*** Block opens ***

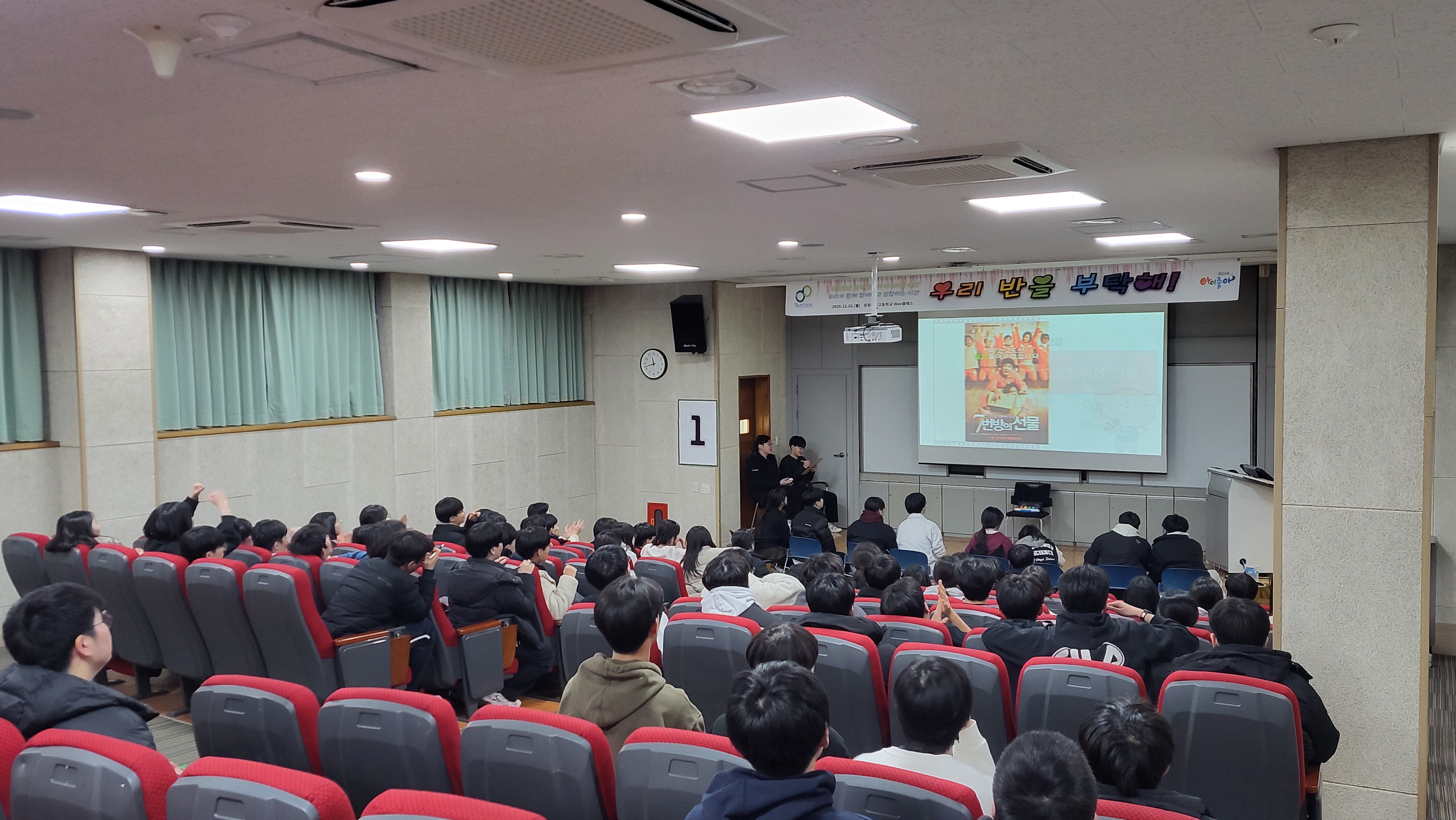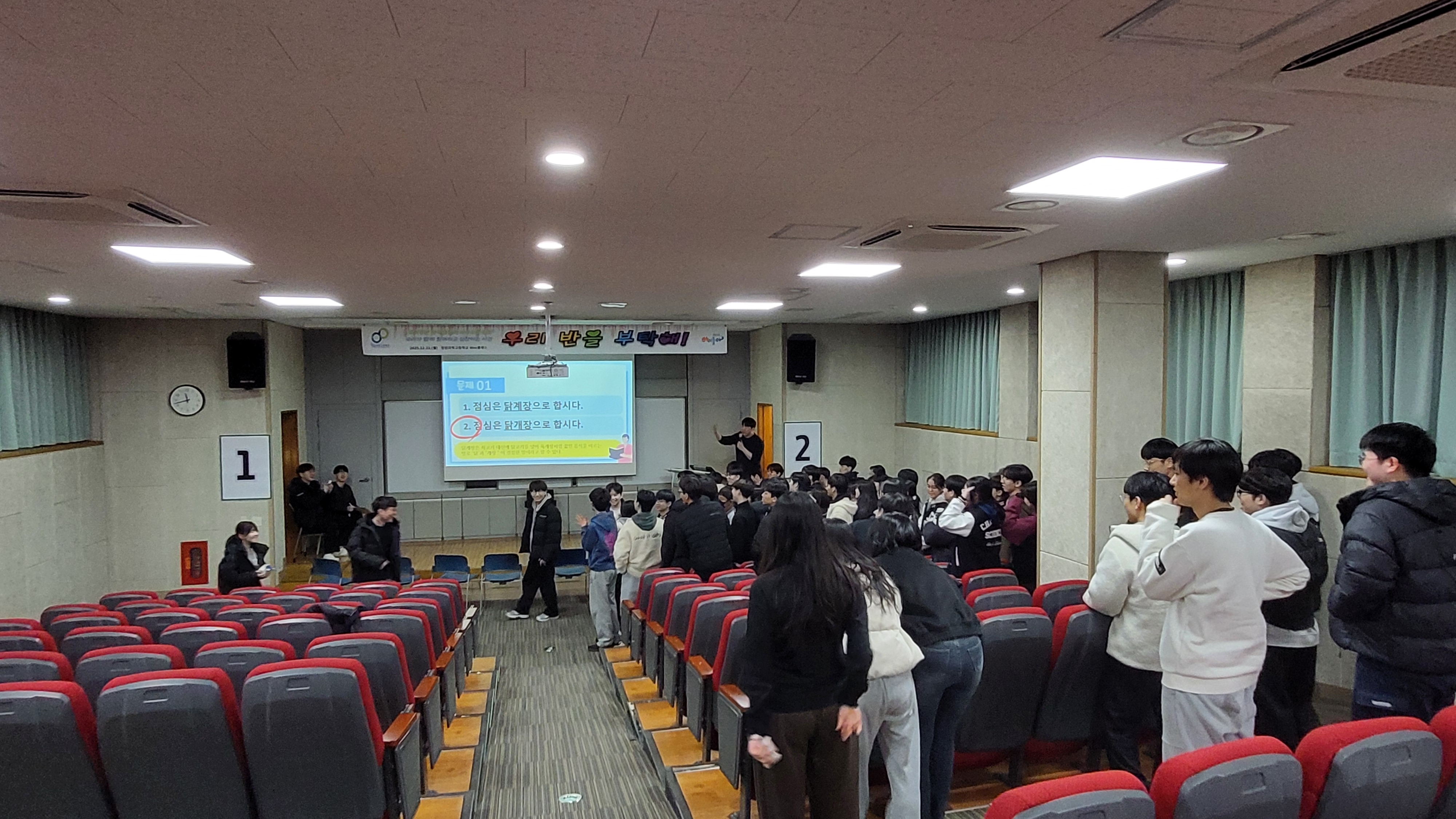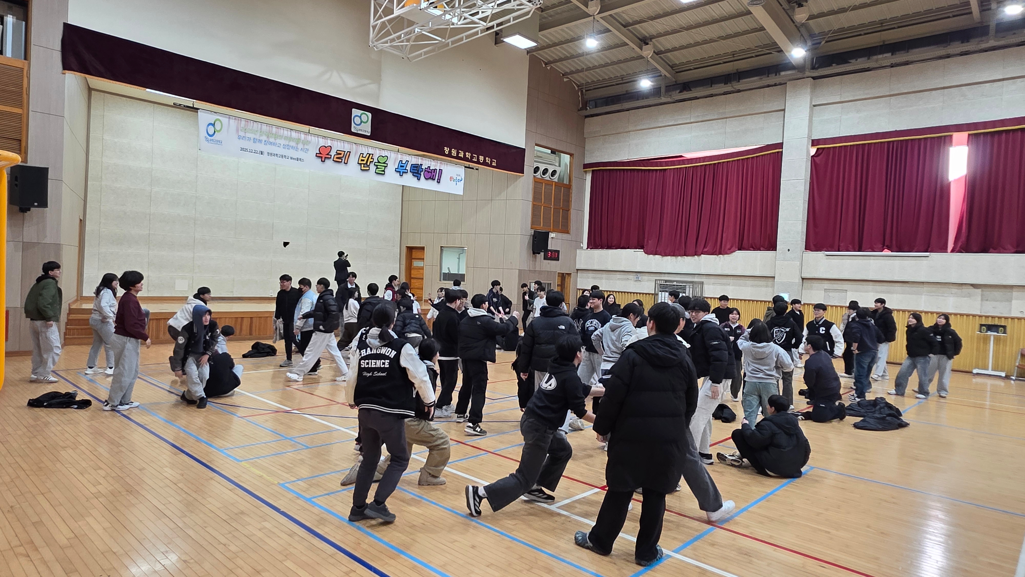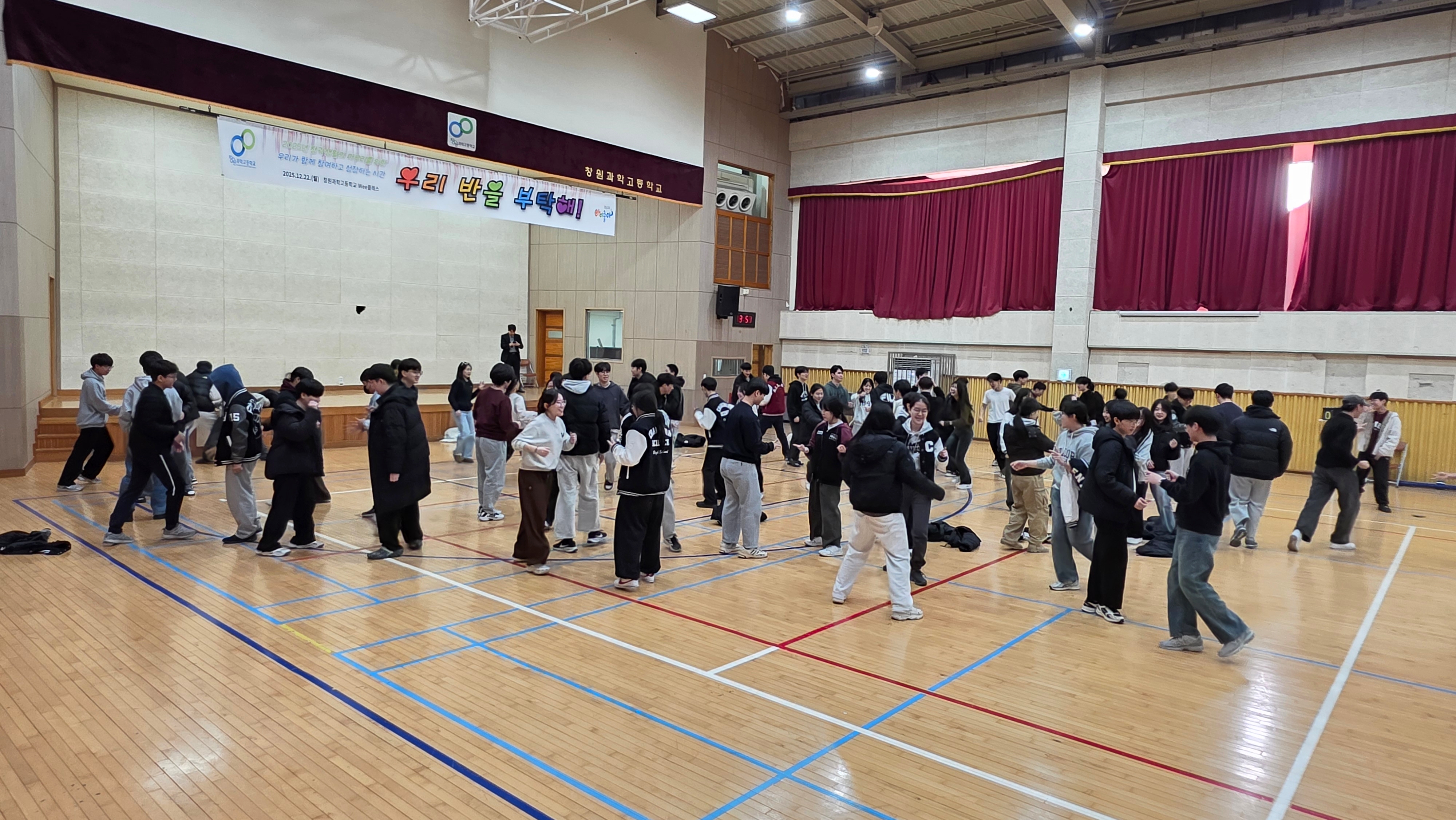 일시: 2025.12.22.(월) 15:30~7:30, 18:40~21:10 장소: 체육관 및 소강당 대상: 1학년 내용: 팀빌딩 프로그램, 뇌섹창곽(학급퀴즈 대항전)
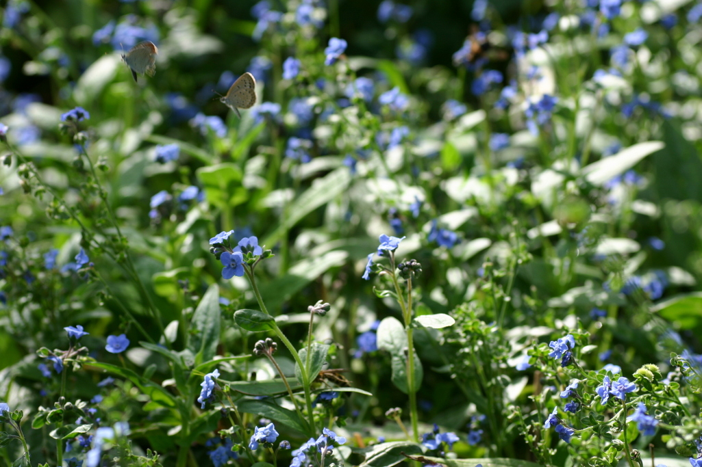 台風一過、陽光のなかアンチューサ・タッセルブルーに沢山の昆虫が来訪
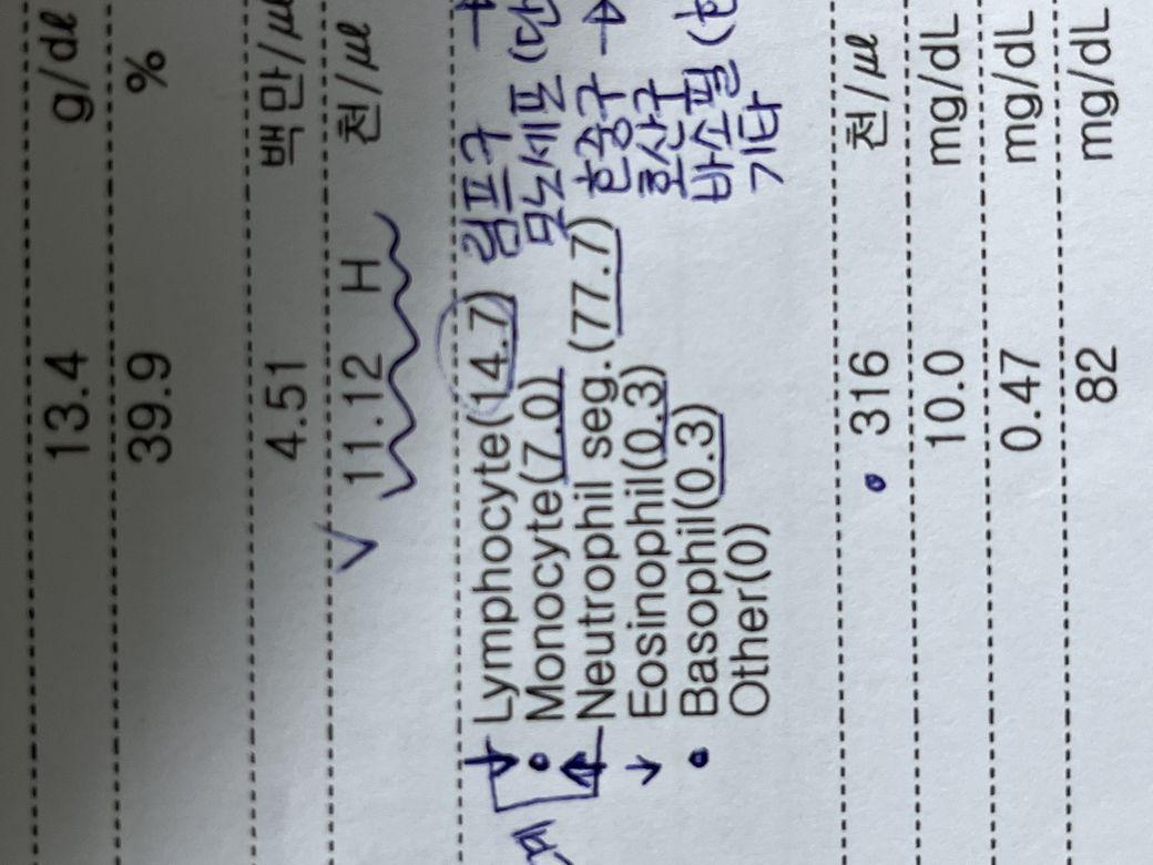 정상보다 백혈구 수치가 높아요 ㅠ
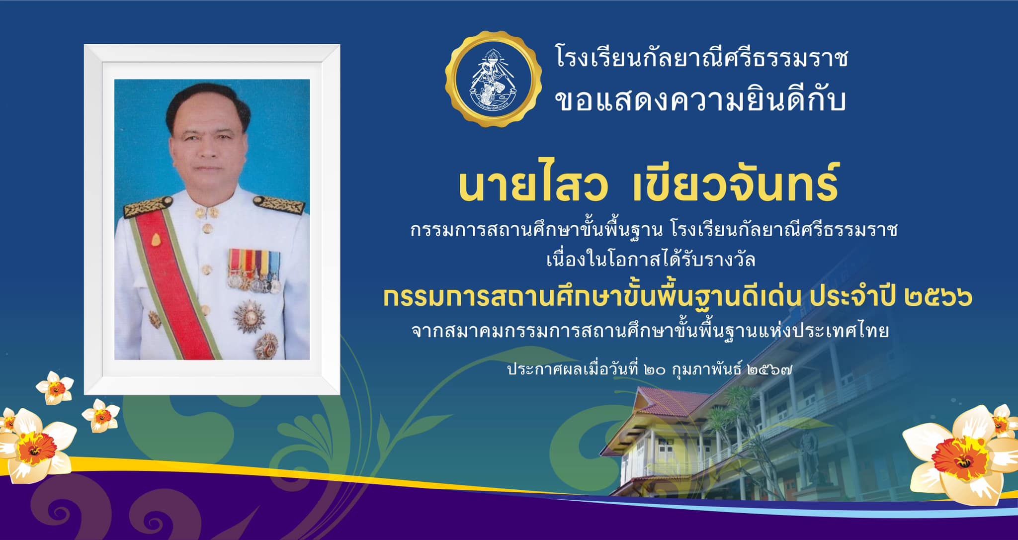 ขอแสดงความยินดีกับนายไสว เขียวจันทร์ กรรมการสถานศึกษาขั้นพื้นฐานโรงเรียนกัลยาณีศรีธรรมราช ได้รับรางวัลกรรมการสถานศึกษาขั้นพื้นฐานดีเด่น ประจำปี ๒๕๖๖ จากสมาคมกรรมการสถานศึกษาขั้นพื้นฐานแห่งประเทศไทย
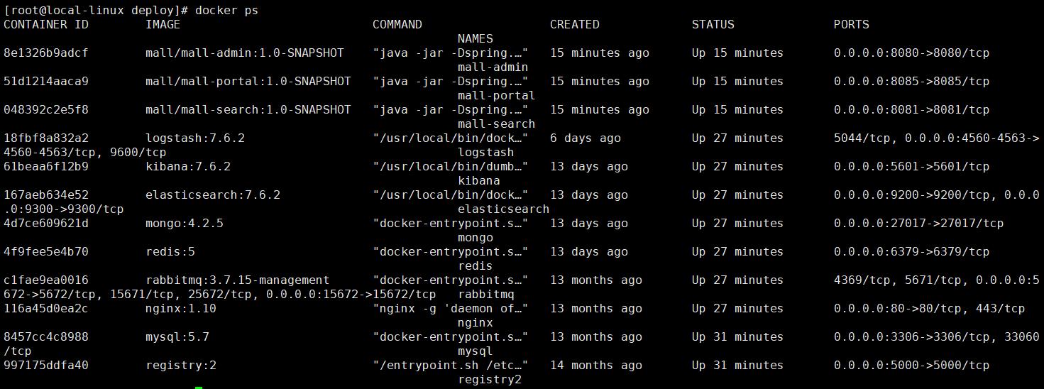 将该文件上传到linux自建的目录/mydata/deploy ,执行docker-compose up命令即可启动mall所有的应用。
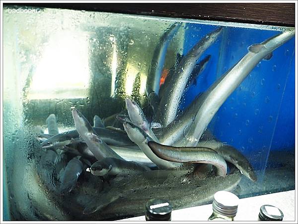 店裡還有一個養鰻魚的水族箱,裡面的鰻魚都股溜得很。不過看水箱外都是露珠,顯然水箱的水溫蠻低的,也許是為了降低鰻魚的活動力吧!
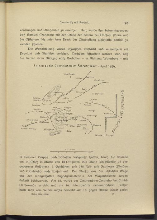 in kleineren Drupps nach Südostsn fortgesetzt halten, brach die Kolonne am 14. März in Stärke von 18 Offizieren, 298 Mann (einschließlich 34 eingeborener Soldaten), 5 Geschützen und 388 Nsit- und Zugtieren (Pferden und Mauleseln) nach ßonjati auf. Der Marsch war der schlechten Wege und des mangelhaften Zugochsenmatsrials der Wagenkolonne wegen äußerst beschwerlich, sslm 15. wurde der Omuramba-u-Omatako bei Crindi- Okasarandu erreicht und am 1b. rivierabwärts weitermarschierl. Bisher hatte man vom §einde nichts bemerkt, am Ib. gegen Albsnd jedoch geriet

*** Block closes ***

#### What you should do:
Transcribe every entry above exactly as it stands, but skip the images.

#### Your solution:
 일시: 2025.12.22.(월) 15:30~7:30, 18:40~21:10 장소: 체육관 및 소강당 대상: 1학년 내용: 팀빌딩 프로그램, 뇌섹창곽(학급퀴즈 대항전)
 台風一過、陽光のなかアンチューサ・タッセルブルーに沢山の昆虫が来訪
 정상보다 백혈구 수치가 높아요 ㅠ
 ขอแสดงความยินดีกับนายไสว เขียวจันทร์ กรรมการสถานศึกษาขั้นพื้นฐานโรงเรียนกัลยาณีศรีธรรมราช ได้รับรางวัลกรรมการสถานศึกษาขั้นพื้นฐานดีเด่น ประจำปี ๒๕๖๖ จากสมาคมกรรมการสถานศึกษาขั้นพื้นฐานแห่งประเทศไทย
 将该文件上传到linux自建的目录/mydata/deploy ,执行docker-compose up命令即可启动mall所有的应用。
 店裡還有一個養鰻魚的水族箱,裡面的鰻魚都股溜得很。不過看水箱外都是露珠,顯然水箱的水溫蠻低的,也許是為了降低鰻魚的活動力吧!
 in kleineren Drupps nach Südostsn fortgesetzt halten, brach die Kolonne am 14. März in Stärke von 18 Offizieren, 298 Mann (einschließlich 34 eingeborener Soldaten), 5 Geschützen und 388 Nsit- und Zugtieren (Pferden und Mauleseln) nach ßonjati auf. Der Marsch war der schlechten Wege und des mangelhaften Zugochsenmatsrials der Wagenkolonne wegen äußerst beschwerlich, sslm 15. wurde der Omuramba-u-Omatako bei Crindi- Okasarandu erreicht und am 1b. rivierabwärts weitermarschierl. Bisher hatte man vom §einde nichts bemerkt, am Ib. gegen Albsnd jedoch geriet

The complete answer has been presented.